Korean-Jewish-American filmmaker Koohan Paik explains the South Korean passion for democracy:
When I was a child in South Korea during the 1960s, we lived under the repressive dictatorship of Park Chung-hee. Anyone out after 10 p.m. curfew could be arrested. Anyone who tried to protest the government disappeared. A lot of people died fighting for democracy and human rights.

Today, the South Korean people carry in living memory the supreme struggles that forged the freedom they currently enjoy. And after all they’ve sacrificed, they are not going to give that freedom up.
In "Korean Protest Culture", a photo essay for the Kyoto Journal, Gabriele Hadl describes some of the many symbolic actions found in Korean social movements:
Downtown Seoul has more protest spots than coffeehouses. Protesters of many persuasions have taken up a permanent, rotating residency in front of the Blue House, South Korea’s presidential mansion, while the American embassy is never without riot police.

For most of the country’s history, demonstrations have been put down with an iron fist. In the 1960s, widespread protest won a three-year respite from dictatorship. Though short-lived, it piqued the hunger for democratic reform. Dissent then burned underground for two decades. Ultimately, the military regime could not contain it. In 1985, the struggle was reignited en masse, and a two-year protest campaign brought down the government. No velvet revolution here, but a series of powerful, sustained confrontations, culminating in a radical rewriting of the social contract. Its provisions are still being negotiated, in parliament and on the street...

A labor media activist reflects, “We separate action and daily life…go to a rally, then home. We have to integrate struggle into our everyday lives.”
Background on the KORUS FTA candlelight vigil demonstration:

The Hankyoreh:"Preventing a KORUS FTA train wreck"

• Tim Shorrock: "Korea-US Trade Agreement: The Hidden History":
...In fact, KORUS represents a major victory for U.S. multinational corporations, banks and financial institutions, which have lobbied intensively for the pact for more than half a decade. It’s also a major setback for Korean and American unions. Both (with the exception of the U.S. United Auto Workers) saw that KORUS, like NAFTA, was above and beyond an investment agreement designed to improve conditions and decrease risk for foreign capital while doing nothing to improve labor rights (dismal in both South Korea and the United States, as recognized by the Korean Confederation of Trade Unions) or lift the general conditions of workers and consumers in either country. Now that the AFL-CIO has failed to convince a Democratic president and Senate to oppose it, it remains to be seen if South Korea’s labor-led opposition can muster the strength to defeat the treaty in Seoul. We shall see...
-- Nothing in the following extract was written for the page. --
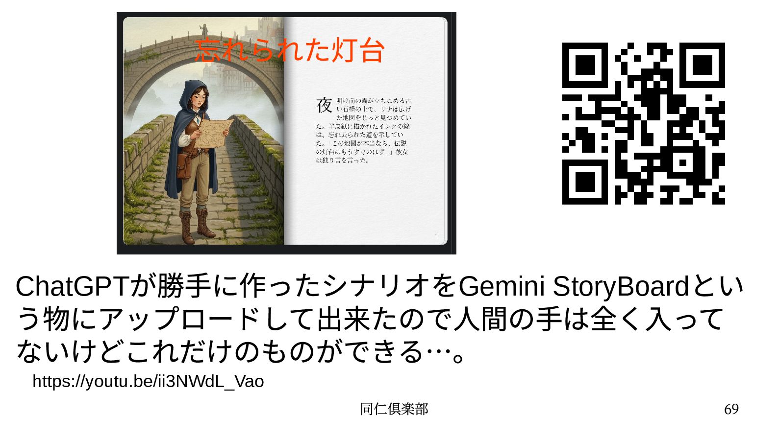 同仁倶楽部 69 https://youtu.be/ii3NWdL_Vao ChatGPT が勝手に作ったシナリオをGemini StoryBoard とい う物にアップロードして出来たので人間の手は全く入って ないけどこれだけのものができる…。 忘れられた灯台

The South Korean-U.S. free trade agreement (KORUS) cannot be seen apart from U.S.-South Korean security ties, the presence in South Korea of more than 30,000 U.S. troops and a 50-year economic relationship that has been heavily weighted towards American interests. From this perspective, KORUS is the fourth attempt by the United States to force its economic will on South Korea over the past half-century.